Разговор не умолкал, но говорили все больше две родственницы, которым обеим было лет девяносто и у которых поэтому было много воспоминаний. Иногда вмешивалась матушка, но ее нелегко было понять, потому что долгая жизнь оставила ей во рту всего только три зуба. По временам вставлял свое веское, хотя и сказанное тоненьким, дребезжащим голосом, замечание отец Макарий. Учитель усердно копался в куске судака, пристально всматриваясь в самую его глубину, чтобы не проглядеть как-нибудь косточку и не подавиться ею, потому что он находил жизнь сельского учителя прекрасною и дорожил ею.
Время от времени он подымал голову и взглядывал на одну из родственниц, как будто собирался высказать ей неопровержимое возражение, и откашливался в салфетку, которую подносил ко рту. Но потом как бы раздумывал и опять погружался в кусок жареного судака.
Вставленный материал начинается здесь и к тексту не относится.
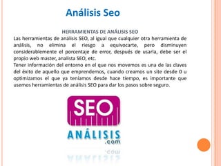 Este documento describe varias herramientas de análisis SEO como Popuri, Raven, Websitegrader y SEOCentro. Estas herramientas proporcionan información sobre el pagerank, enlaces, densidad de palabras clave y otros factores importantes para el posicionamiento en buscadores. También define social media como medios diseñados para compartir contenido a través de la interacción social en internet y redes sociales.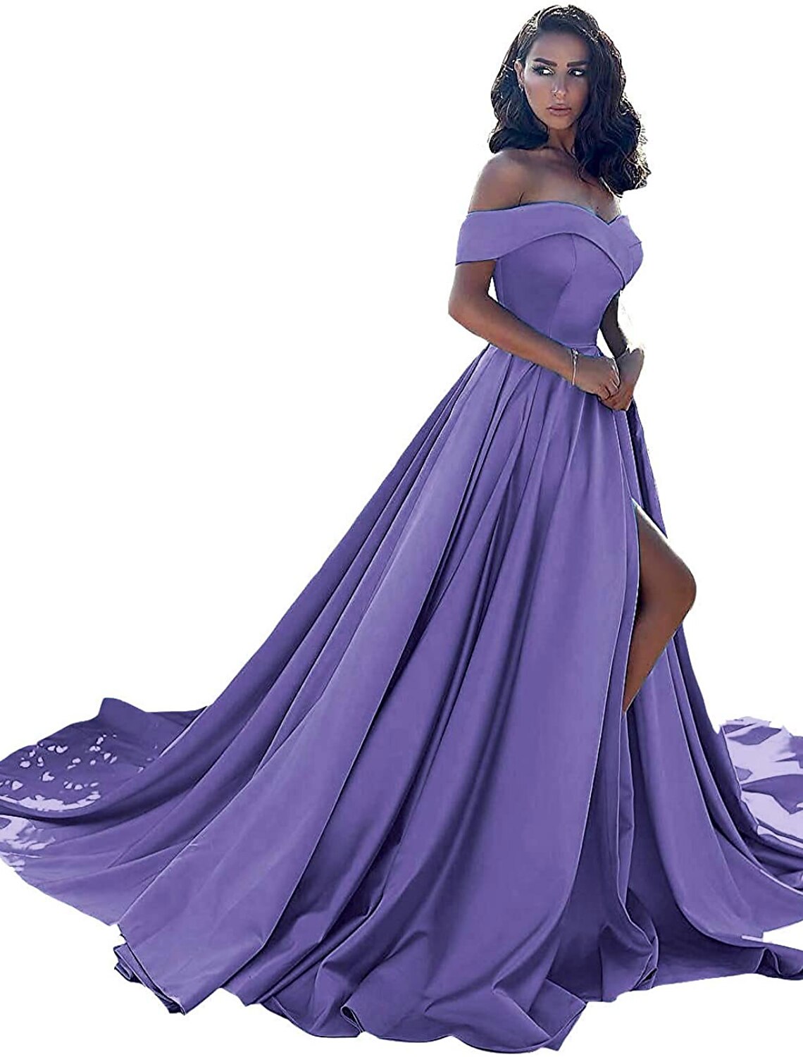 A-Line Minimalist Sexy Prom Formal Evening Dress Off Shoulder Sleeveless Chapel Train Satin with Split Front

Что касается дьяка Леонида, то он даже не делал попыток, а просто ел; ел так добросовестно, как может делать это человек, с утра вместе с отцом Макарием переходивший от хаты к хате «с молитвой», причем позади их церковный сторож ехал на телеге и подбирал в нее все, что давали прихожане: и колбасу, и сало, и хлеб и даже, если бы то случилось, целого поросенка; потом отпел вечерню и затем еще готовился завтра отпеть утреню с обедней, поехать на хутора и там опять с батюшкой же путешествовать по хатам, славя Бога и собирая законную дань.
Человек он был вдовый, детей у него не было. Отец Макарий позвал его к себе на кутью. Он пришел и ел; то есть делал то, зачем его позвали и зачем он пришел. Не следует, однако, думать, что дьяк Леонид был от природы молчалив или у него не было голоса. При случае он даже любил поговорить, но только при случае, а так, зря тратить слова, чтобы только проходило время, он не любил. Притом же и на еду он смотрел, как на серьезное занятие, и терпеть не мог, если в это время к нему приставали с каким-нибудь вопросом; тогда он мотал головой и встряхивал своей золотистой гривой, а в оправдание свое говорил: «Ежели ты хорошей собаке бросил кость и она грызет ее, то уж ты ее не тронь, тогда — укусит».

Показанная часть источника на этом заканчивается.